Records to process Block Start
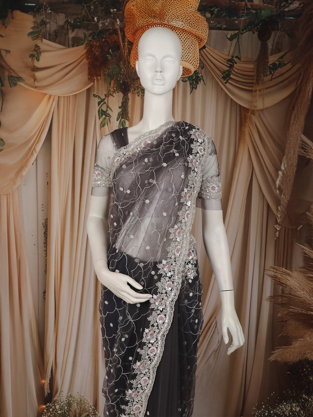 Step into refined glamour with this elegant grey net designer saree, exquisitely crafted to deliver a perfect blend of sophistication and sparkle. The sheer net base is beautifully adorned with intricate floral motifs, highlighted by fine sequins and delicate bead embellishments that shimmer subtly with every movement.
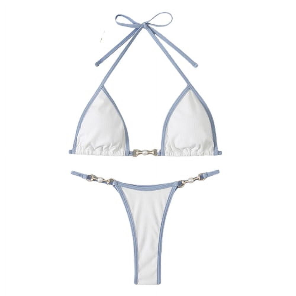 Skymirror Pcs Set Women Bikini Set Contrast Color Halter Neck Three Point Imitation Pearl Deep is a popular picture for sexy and hot.
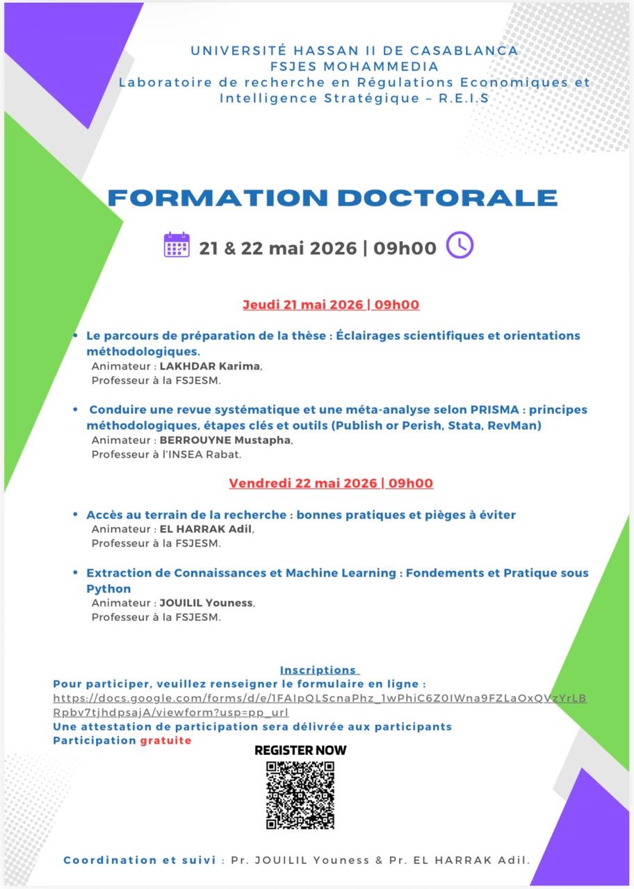 • Doctoriales édition 2026 sous le thème : « Méthodologie de Recherche en Sciences Economiques et Gestion et Sciences Juridiques et politiques «
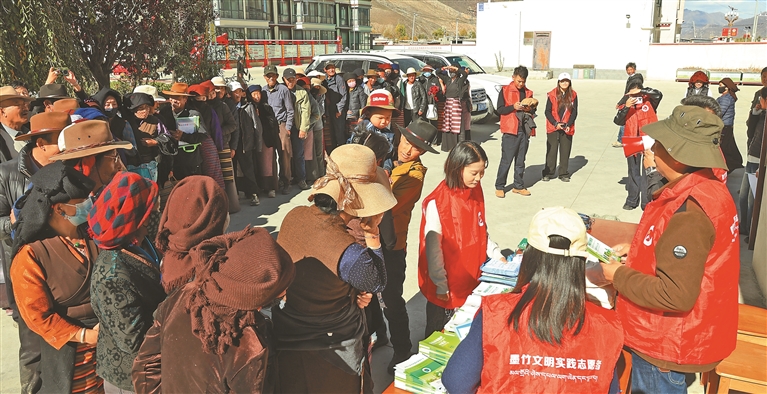 图为干部职工向群众重点普及防震减灾及卫生健康知识。本报记者 格桑伦珠 摄
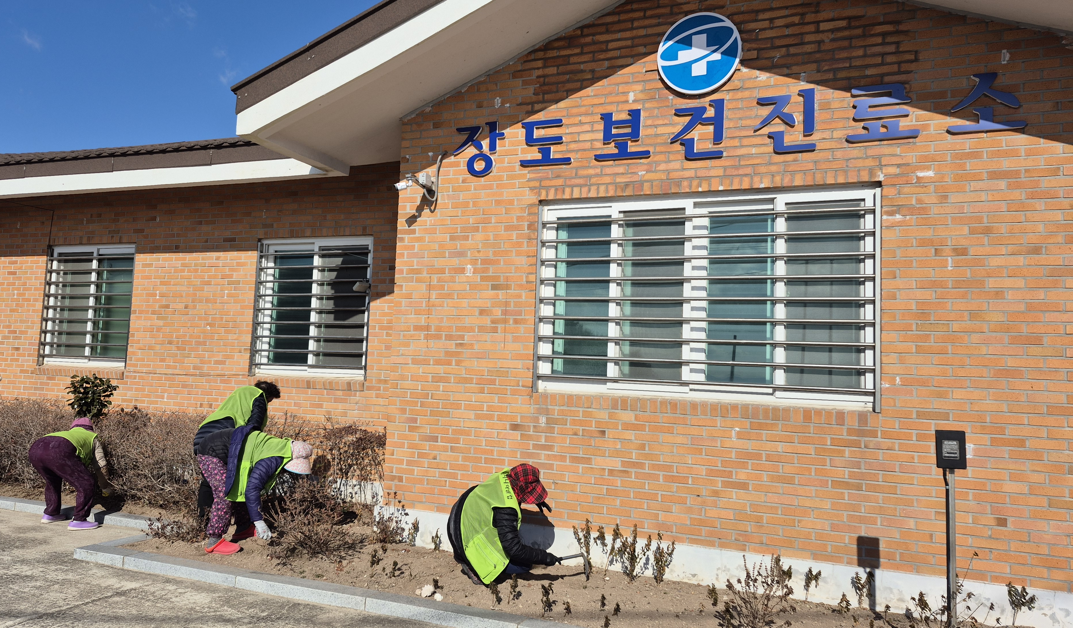 보성시니어클럽 생활밀착지원서비스 참여 어르신들이 장도보건소 일원에서 환경정리 활동을 펼치며, 주민들이 쾌적하고 안전하게 공공시설을 이용할 수 있도록 돕고 있다. 사진=보성시니어클럽
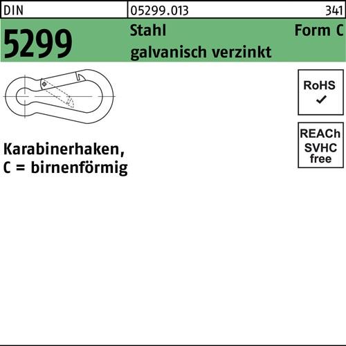 DIN 5299 Stahl Form C galvanisch verzinkt Karabinerhaken · birnenförmig – Abmessung: C 80 x 8 VE=S (50 Stück)
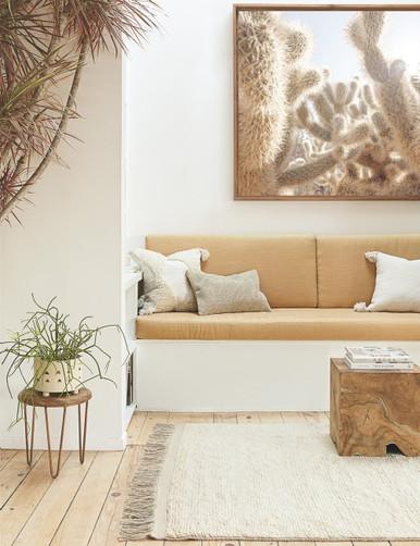 Bring naturally chic style into your home with this Moroccan shag rug, hand-knotted using undyed wool. Inspired by traditional Beni Ourian designs, it features a distinctive geometric motif characteristic of the aesthetic, plus braided fringe for a touch of texture.
Records to process Block End
**What you need to do:** Begin at the line with "Skymirror Pcs Set" and retype exactly every line through the last one of the entries above, both included, and nothing more; pictures stay out.

**Your solution:**
 Skymirror Pcs Set Women Bikini Set Contrast Color Halter Neck Three Point Imitation Pearl Deep is a popular picture for sexy and hot.
 • Doctoriales édition 2026 sous le thème : « Méthodologie de Recherche en Sciences Economiques et Gestion et Sciences Juridiques et politiques «
 图为干部职工向群众重点普及防震减灾及卫生健康知识。本报记者 格桑伦珠 摄
 보성시니어클럽 생활밀착지원서비스 참여 어르신들이 장도보건소 일원에서 환경정리 활동을 펼치며, 주민들이 쾌적하고 안전하게 공공시설을 이용할 수 있도록 돕고 있다. 사진=보성시니어클럽
 DIN 5299 Stahl Form C galvanisch verzinkt Karabinerhaken · birnenförmig – Abmessung: C 80 x 8 VE=S (50 Stück)
 Bring naturally chic style into your home with this Moroccan shag rug, hand-knotted using undyed wool. Inspired by traditional Beni Ourian designs, it features a distinctive geometric motif characteristic of the aesthetic, plus braided fringe for a touch of texture.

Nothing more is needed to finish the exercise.